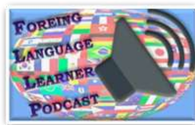
FIGURA 1: PROPOSTA DE LOGO PARA O PROJETO
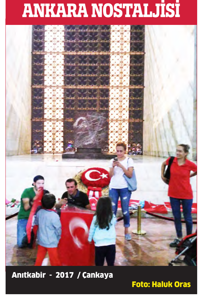
Anıtkabir - 2017 / Cankaya

Sergi, genç sanatçıların sanatçı bedeni, günlük nesnelere ve çevre gibi temaları işlediği eserleriyle dikkat çekiyor. Bu eserler, bozulma olgusunu derinlemesine inceleyerek izleyicilere yeni düşünce ve duygular yaşatmayı amaçlıyor. Sanatseverler, CerModern'deki bu etkileyici sergiyi 7 Haziran'a kadar ziyaret edebilir.
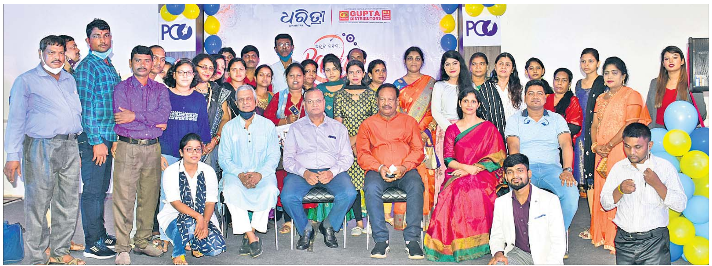
ଧରିତ୍ରୀ ପକ୍ଷରୁ ରକ୍ଷାବନ୍ଧନ ଉତ୍ସବ ଉପଲକ୍ଷେ କରାଯାଇଥିବା 'ଅତୁଟ ବନ୍ଧନ' ବାର୍ତ୍ତା ପ୍ରତିଯୋଗିତାର ଶନିବାର ଭୁବନେଶ୍ୱର ମାଷ୍ଟରକ୍ୟାଣ୍ଟିନସ୍ଥିତ 'ଦ ପ୍ରେସ୍ କ୍ଲବ୍ ଅଫ୍ ଓଡ଼ିଶା' ପରିସରରେ ଆୟୋଜିତ ପୁରସ୍କାର ବିତରଣ ଉତ୍ସବରେ ଅତିଥିଙ୍କ ଗହଣରେ ବିଜେତାମାନେ।
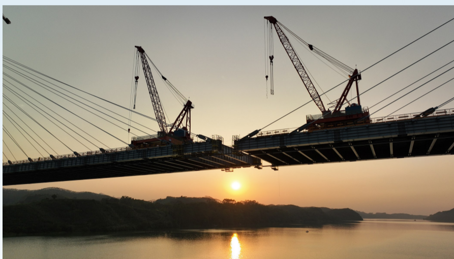
夕阳下的主跨合龙段
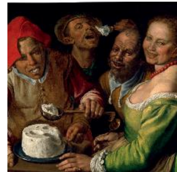
Vincenzo Campi , Mangeurs de ricotta , 1580. Huile sur toile, 77,9 x 89,4 cm. Lyon, musée des Beaux-Arts - Inv. H. 673
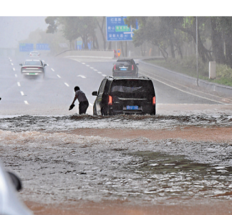
7月20日，受「查帕卡」影響，深圳遭遇強降雨。該市區低窪路面出現積水、車輛遇阻。
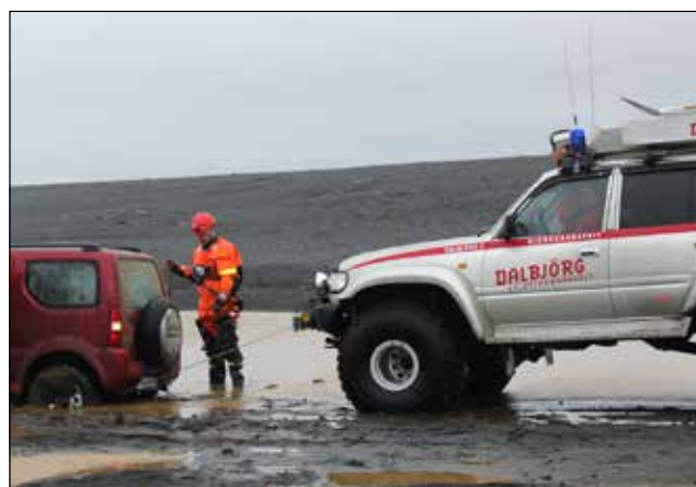
Aðstoð við ferðamenn.
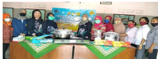
Gambar 1. Foto bersama ibu – ibu warga RW 02 dan Ibu Lurah Mlatibaru penyerahan Alat – alat produksi

Bantuan Peralatan kepada mitra dilakukan dalam rangka untuk meningkatkan produksi dan kualitas bandeng presto . Peralatan yang diberikan sesuai dengan kebutuhan mitra berupa satu buah panci presto ukuran besar, lemari etalase untuk memajang hasil produksi, sealer untuk menghaluskan bumbu, panci dan peralatan pendukung yang lain.
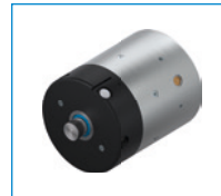
Serie RBPS Elemento de sujeción y frenado
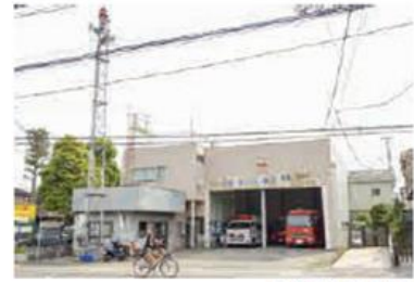
旧消防署塚越分署
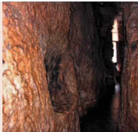
Am Ende des Tunnels wurde 1880 eine Inschrift entdeckt. Heute erinnert nur noch eine Ausbuchtung an die Steintafel, ...
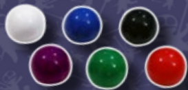
6 SPHÈRES DE SCORE

----

With pictures left out, print the lines of the material above from the line containing "Gambar 1. Foto" through its last line, exactly and nothing more.

**Output of the task**
Gambar 1. Foto bersama ibu – ibu warga RW 02 dan Ibu Lurah Mlatibaru penyerahan Alat – alat produksi

Bantuan Peralatan kepada mitra dilakukan dalam rangka untuk meningkatkan produksi dan kualitas bandeng presto . Peralatan yang diberikan sesuai dengan kebutuhan mitra berupa satu buah panci presto ukuran besar, lemari etalase untuk memajang hasil produksi, sealer untuk menghaluskan bumbu, panci dan peralatan pendukung yang lain.
Serie RBPS Elemento de sujeción y frenado
旧消防署塚越分署
Am Ende des Tunnels wurde 1880 eine Inschrift entdeckt. Heute erinnert nur noch eine Ausbuchtung an die Steintafel, ...
6 SPHÈRES DE SCORE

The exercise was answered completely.